Limitations & Future Work

  1. Simplified Synthetic Data: Using MLPs and binary features creates a large gap compared to real-world data distributions.
  2. Difficulty in Quantifying Uniqueness: Accurately measuring redundant and unique information in real-world datasets heavily relies on human annotation or heuristic methods.
  3. Uniqueness Introduced via Noise in Vision-Language Experiments: Deleting characters/pixels is not a genuine "unique info" manipulation.
  4. Lack of Theoretical Analysis: The study provides only empirical findings without offering theoretical conditions for the emergence of alignment.
  5. Unexplored Scenarios with More Than Two Modalities: Experiments are restricted to bi-modality; interactions in tri-modal contexts and beyond are more complex.
  • Direct Dialogue with the Platonic Representation Hypothesis: This work provides a conditional version—which holds only under high redundancy conditions.
  • Connection to Contrastive Learning: Theoretically, contrastive learning captures redundant information (Tian et al., 2020), which is empirically supported by this work.
  • Insights:
    • When designing multimodal fusion architectures, the distribution of redundant/unique information in the dataset should be evaluated first.

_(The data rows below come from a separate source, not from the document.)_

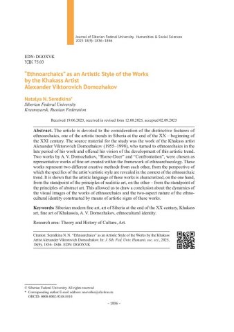 Библиографическое описание:Середкина, Н. Н. "Этноархаика" как художественный стиль произведений хакасского художника Александра Викторовича Доможакова = "Ethnoarchaics" as an Artistic Style of the Works by the Khakass Artist Alexander Viktorovich Domozhakov / Н. Н. Середкина. - Текст : непосредственный // Журнал Сибирского федерального университета. Гуманитарные науки. - 2025. - Т. 18, № 9. - С. 1836-1846. - Библиогр.: с. 1845-1846. - ISSN 1997-1370.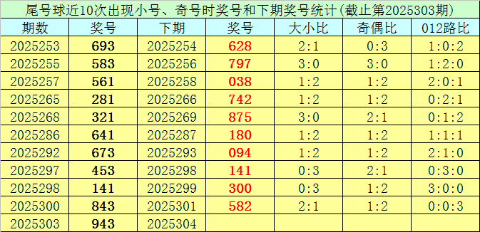 在尾号球前10次开出小 号、奇号类型之后,其下期分别开出奖号:628、797、038、742、875、180、094、141、300、582,其中号码奇偶比为3:7,大小比为4:6,012路比为2:3:5。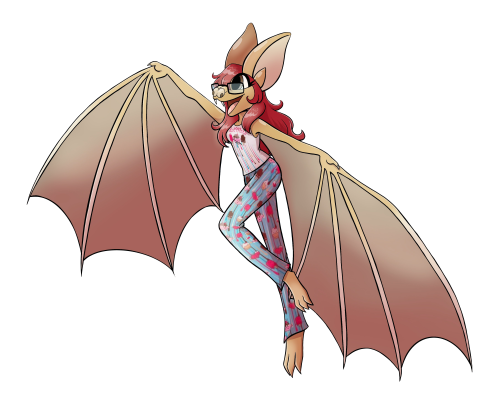 A fursona based on myself. Ash is a pallid bat who is ironically afraid of heights and tends to have somewhat poor hearing despite her large ears. Her ears are better at picking up certain frequencies rather than actually hearing a conversation. She is nocturnal yet afraid of the dark, usually keeping a night light on somewhere if the room is too dark. She is very near sighted and prefers wearing glasses since contacts irritate her eyes. Despite her big clumsy wings, she is very good at playing video games and enjoys to draw, though, her wings to make her rather clumsy and she tends to trip over them often. She has severe social anxiety and will have a panic attack over a simple phone call or being put in a situation where she is alone in a crowd. She will attach to one person she knows if she is alone in a strange place. She has trouble making friends since when she meets someone new she panics and tends to let words spill from her mouth without filter.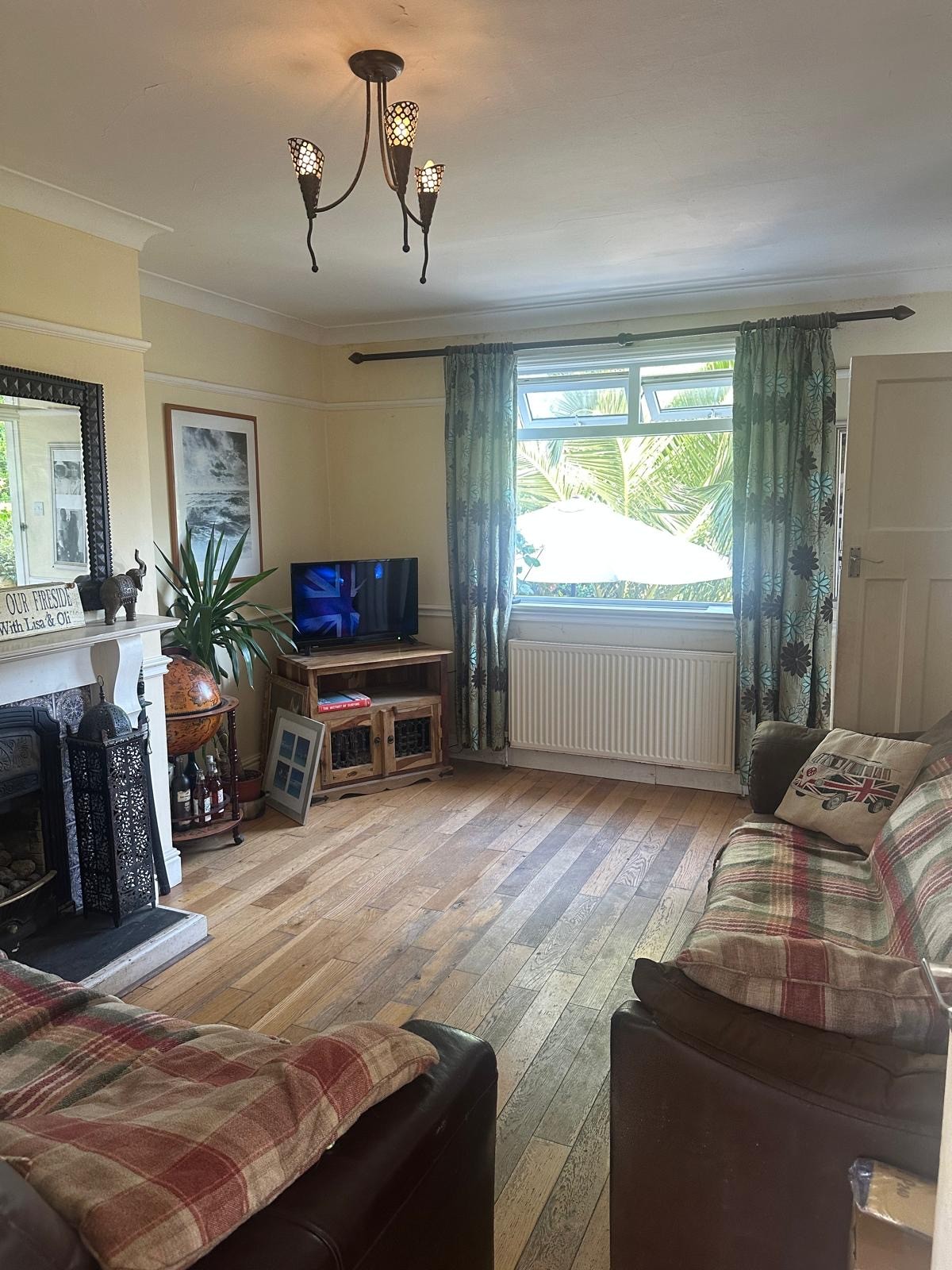 Wood flooring, fire with gas fire living flame effect fire inset, TV point, power points, radiator, door to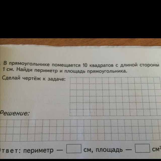 По условию задачи в прямоугольнике помещается 10 квадратов, следовательно пл прямоугольника в 10 раз больше пл квадрата, 1х10=10 кв. см
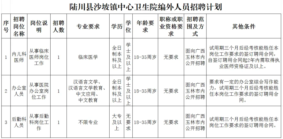 報名地點:陸川縣沙坡鎮(zhèn)中心衛(wèi)生院公衛(wèi)樓五樓行政辦公室。(咨詢電話:7012189)。

    • For tasks dominated by uniqueness (e.g., sentiment analysis), architectures that preserve modality-specific information should be designed instead of blindly pursuing alignment.
    • This work can inspire new metrics to characterize which multimodal learning strategy is best suited for a given dataset.

Rating

  • Novelty: ★★★★☆ — Systemally studies the conditions for the emergence of alignment, offering a strong reflection on common assumptions.

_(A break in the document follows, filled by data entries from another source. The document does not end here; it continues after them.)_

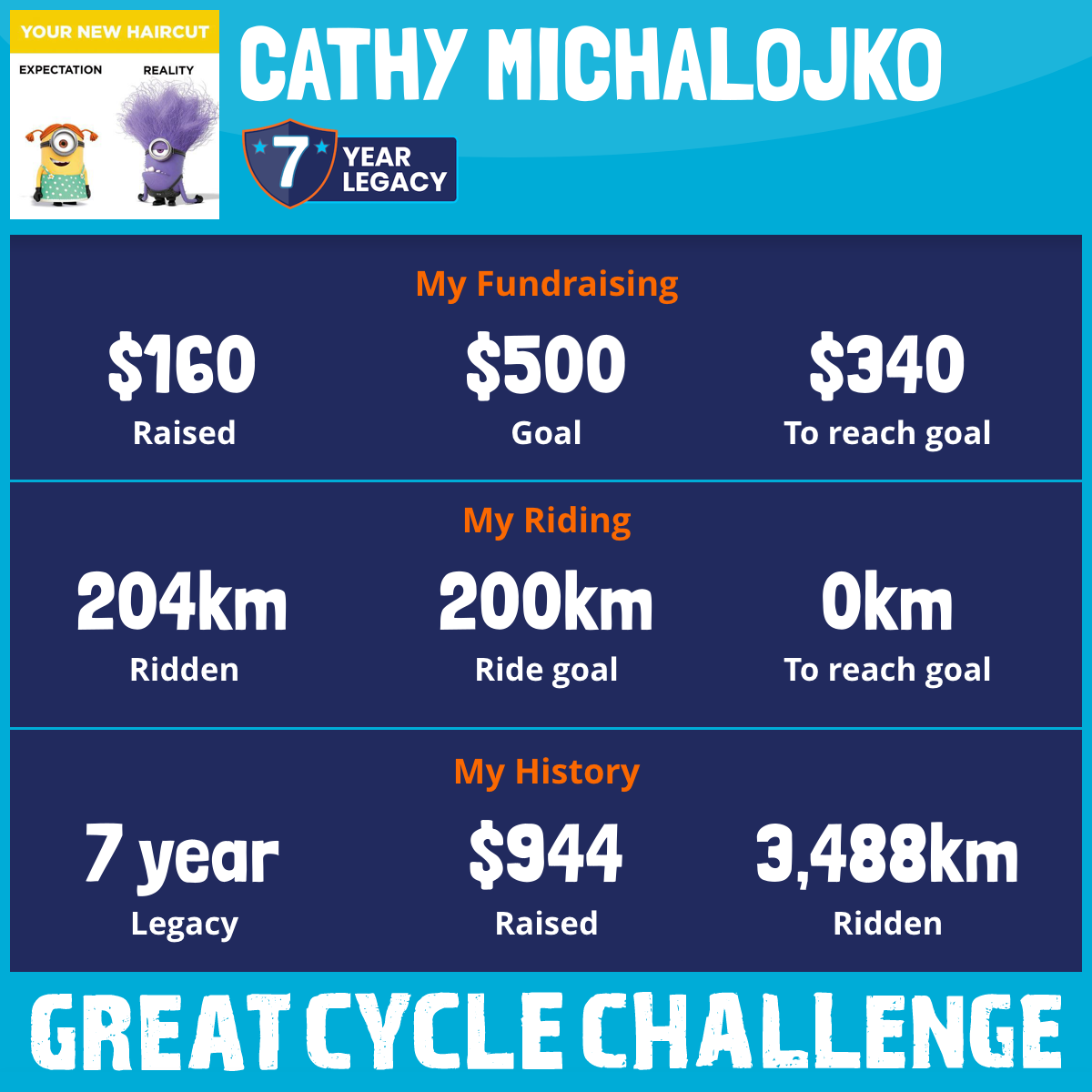 And so I am riding and raising funds to support the Children's Medical Research Institute to continue their work into the prevention, diagnosis, treatment and finding a cure for childhood cancer.
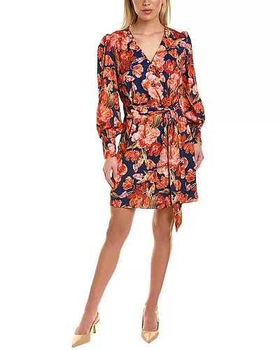 - Midi Wrap Dress in navy floral with plunge neck, button accents, bubble sleeve, belted waist, and barrel cuff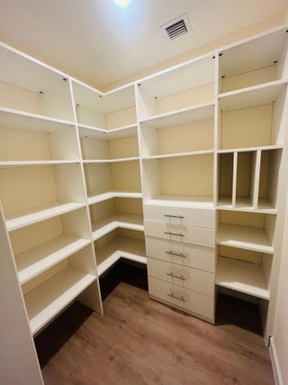 Built-in Features, Cathedral Ceiling(s), High Ceilings, Kitchen Island, Pantry, Vaulted Ceiling(s), Walk-In Closet(s), Bedroom Layout - Split, Closet Cabinetry, Storage

  • Practicality: ★★★★☆ — Provides clear practical guidance: when to align and when not to.
  • Experimental Thoroughness: ★★★★★ — Three-level experiments comprising synthetic data, large-scale VLMs, and MultiBench, featuring 22 figures and 3 tables.
  • Writing Quality: ★★★★★ — Clear research questions, a complete logical chain, and elegant figures and tables.